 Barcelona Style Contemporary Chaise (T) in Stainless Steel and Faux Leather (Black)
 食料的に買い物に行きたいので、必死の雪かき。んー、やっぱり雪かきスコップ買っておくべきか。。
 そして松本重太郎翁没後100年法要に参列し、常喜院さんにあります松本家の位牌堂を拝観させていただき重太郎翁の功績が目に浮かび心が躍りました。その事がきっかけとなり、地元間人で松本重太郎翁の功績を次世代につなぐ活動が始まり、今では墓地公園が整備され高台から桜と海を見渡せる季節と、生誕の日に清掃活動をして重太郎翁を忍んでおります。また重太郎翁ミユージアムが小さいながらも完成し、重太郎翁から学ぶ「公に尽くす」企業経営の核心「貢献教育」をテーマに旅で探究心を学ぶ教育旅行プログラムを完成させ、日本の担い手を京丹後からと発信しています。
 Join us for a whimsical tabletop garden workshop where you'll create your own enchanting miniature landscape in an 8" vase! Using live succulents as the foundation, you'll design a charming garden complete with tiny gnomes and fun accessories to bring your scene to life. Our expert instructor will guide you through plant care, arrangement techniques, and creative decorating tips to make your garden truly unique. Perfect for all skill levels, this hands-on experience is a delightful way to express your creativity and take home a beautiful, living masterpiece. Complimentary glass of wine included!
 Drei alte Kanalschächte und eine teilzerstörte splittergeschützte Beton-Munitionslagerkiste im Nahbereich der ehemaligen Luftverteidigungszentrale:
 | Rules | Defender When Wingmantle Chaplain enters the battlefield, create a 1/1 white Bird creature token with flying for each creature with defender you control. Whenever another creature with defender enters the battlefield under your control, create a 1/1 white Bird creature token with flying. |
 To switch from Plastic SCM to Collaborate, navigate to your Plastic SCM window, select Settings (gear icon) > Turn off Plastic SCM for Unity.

---

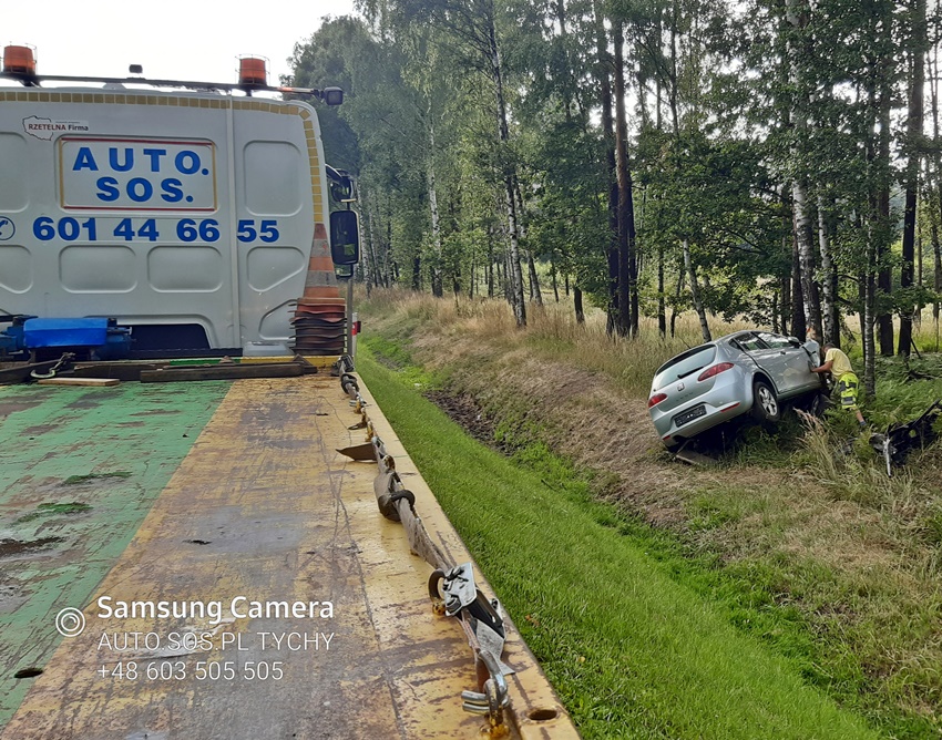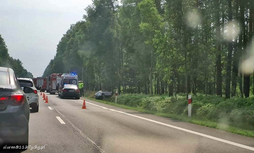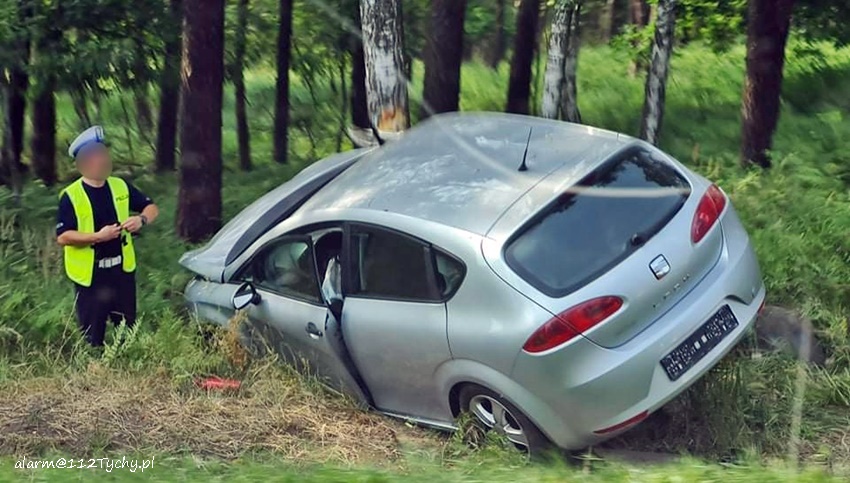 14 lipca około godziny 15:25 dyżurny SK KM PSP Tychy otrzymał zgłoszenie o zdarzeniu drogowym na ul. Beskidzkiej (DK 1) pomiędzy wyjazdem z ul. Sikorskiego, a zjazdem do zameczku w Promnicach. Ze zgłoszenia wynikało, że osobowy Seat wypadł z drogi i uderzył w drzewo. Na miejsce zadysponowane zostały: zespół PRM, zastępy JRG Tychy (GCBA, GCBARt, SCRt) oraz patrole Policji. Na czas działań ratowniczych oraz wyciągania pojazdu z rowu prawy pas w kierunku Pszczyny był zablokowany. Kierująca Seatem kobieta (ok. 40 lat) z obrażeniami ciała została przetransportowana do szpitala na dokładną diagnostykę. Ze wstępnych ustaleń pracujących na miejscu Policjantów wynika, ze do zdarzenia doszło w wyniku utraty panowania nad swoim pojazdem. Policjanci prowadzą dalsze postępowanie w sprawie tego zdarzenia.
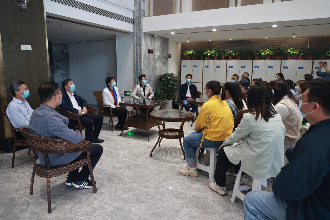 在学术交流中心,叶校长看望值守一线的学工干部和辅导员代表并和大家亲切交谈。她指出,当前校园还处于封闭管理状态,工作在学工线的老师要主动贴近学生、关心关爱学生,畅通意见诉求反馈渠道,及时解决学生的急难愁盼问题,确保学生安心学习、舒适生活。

> **Requirement**: Go to the line with "with flying. |" in the entries above and repeat every line from there through the line with "To switch from", exactly and with no other text.

> **Solution for this problem**:
 | Rules | Defender When Wingmantle Chaplain enters the battlefield, create a 1/1 white Bird creature token with flying for each creature with defender you control. Whenever another creature with defender enters the battlefield under your control, create a 1/1 white Bird creature token with flying. |
 To switch from Plastic SCM to Collaborate, navigate to your Plastic SCM window, select Settings (gear icon) > Turn off Plastic SCM for Unity.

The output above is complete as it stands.